The problem is scaling and isolating a multi-tenant system beyond what a single shared deployment can handle. A shared stack creates noisy-neighbor effects, a single blast radius, and scaling limits tied to one set of resources.
How It Works
A stamp is a self-contained unit: compute, database, storage, and supporting services deployed together, usually from the same infrastructure-as-code template. Tenants are assigned to stamps. A routing or traffic-management layer maps each request to its tenant's stamp, often via a lookup table.
To scale, you deploy more stamps rather than growing one stack. Because stamps are independent, a failure or a bad deployment in one stamp does not affect tenants in others. Stamps can be placed in different regions, sized differently for different tenant tiers, and updated in waves to limit risk.
When to Use It
Use it for multi-tenant SaaS that must isolate tenants, scale horizontally past single-stack ceilings, and contain failures. It suits regulated tenants needing dedicated resources or specific regions, and large customers warranting their own stamp.

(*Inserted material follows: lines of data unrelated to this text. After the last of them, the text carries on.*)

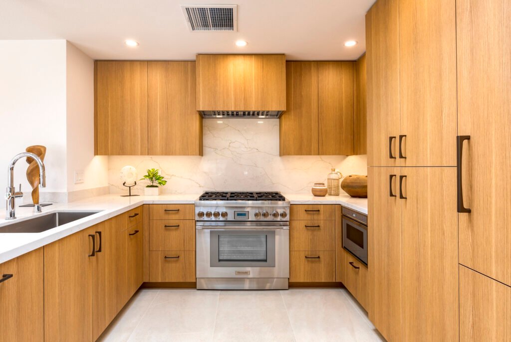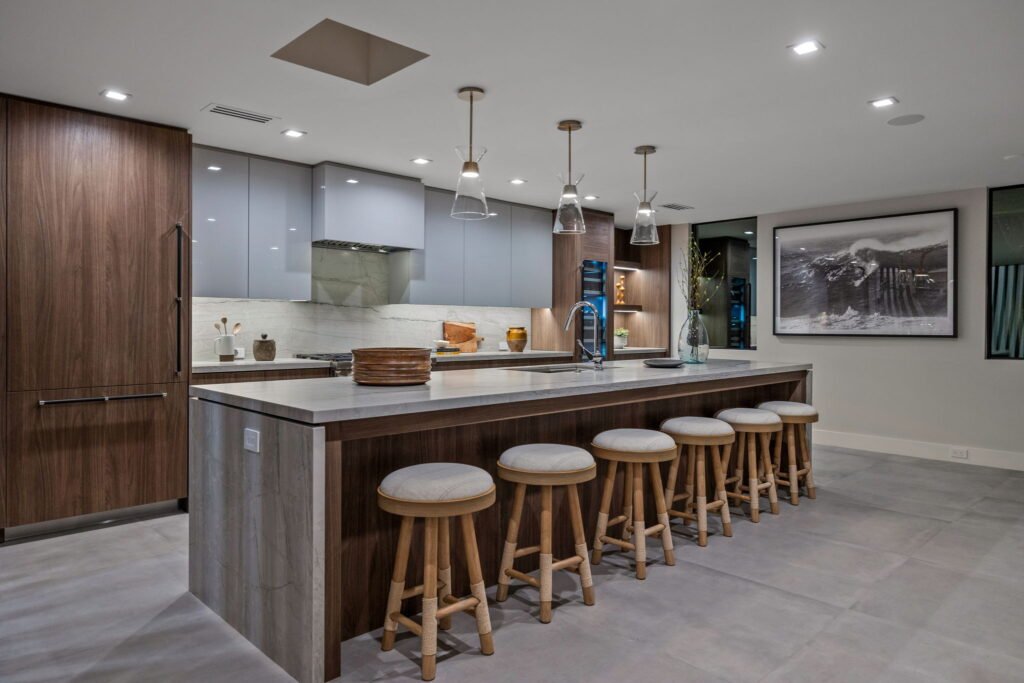 Designing with a mono-material approach allows the eye to glide uninterrupted, making even modestly sized kitchens feel larger and more open.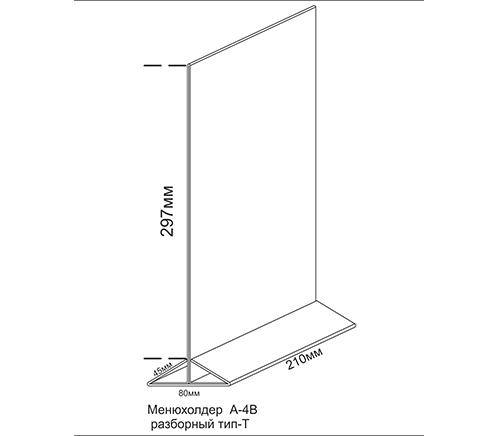 ПРОЗРАЧНЫЙ МЕНЮХОЛДЕР, КЛАСИЧЕСКОГО ВИДА. СОСТОИТ ИЗ ДВУХ ЧАСТЕЙ, Т-ОБРАЗНОГО ПЛАНШЕТА И НИЖНЕГО ДЕРЖАТЕЛЯ, ТРЕУГОЛЬНОЙ ФОРМЫ.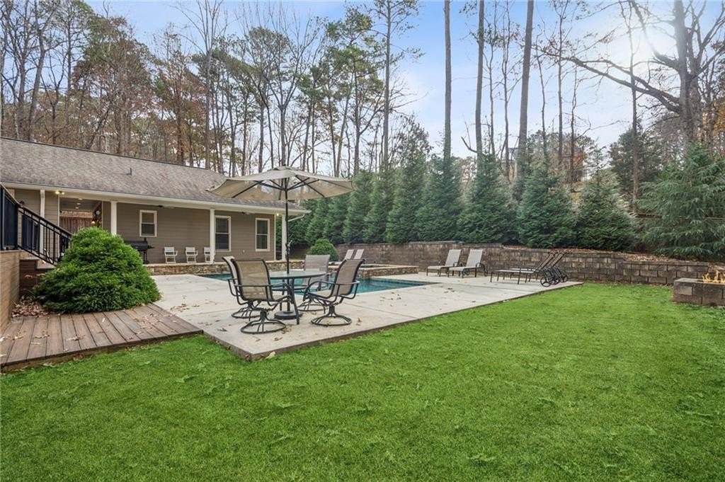 Discover your own private retreat at the end of a quiet cul-de-sac in Suwanee, within the award-winning Peachtree Ridge school cluster. Fully renovated and designed for effortless one-level living, this home blends everyday comfort with resort-style luxury.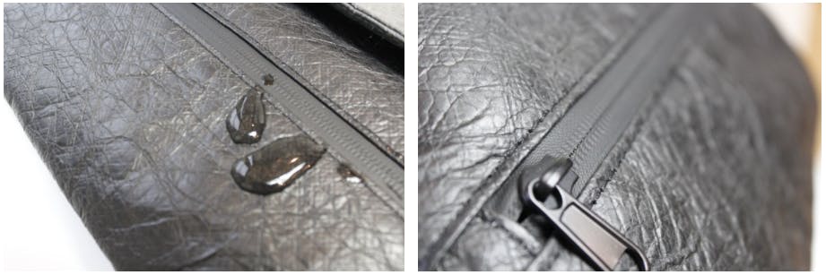 水に強い素材でさらに、外側のポケットは「止水ファスナー」が採用されているため、突然の雨やうかり飲み物をこぼしたりしてもなども弾いてくれます。

Avoid it for small single-tenant apps or where a single elastic deployment comfortably handles the load, since per-stamp overhead multiplies operational cost.
Trade-offs
Managing many stamps multiplies deployment, monitoring, and cost. You need robust automation to provision, update, and observe stamps uniformly, plus a reliable tenant-to-stamp routing and onboarding process. Cross-stamp operations (analytics, global search) become harder because data is partitioned by stamp.
The upside is strong isolation, predictable scaling by adding units, and a small blast radius for failures and rollouts.
Related Patterns
It resembles the Geode pattern but stamps are not interchangeable; each serves specific tenants. Sharding partitions data within or across stamps. An External Configuration Store and the tenant routing table coordinate which stamp owns which tenant.
Example
A B2B analytics SaaS deploys each stamp with its own Kubernetes cluster, database, and cache via Terraform. Small customers share stamps holding a few hundred tenants each; an enterprise customer gets a dedicated stamp in its required region. A routing service maps incoming requests by tenant ID to the right stamp. To grow, the team deploys a new stamp from the template and onboards tenants to it; a faulty release rolled out to one stamp affects only its tenants.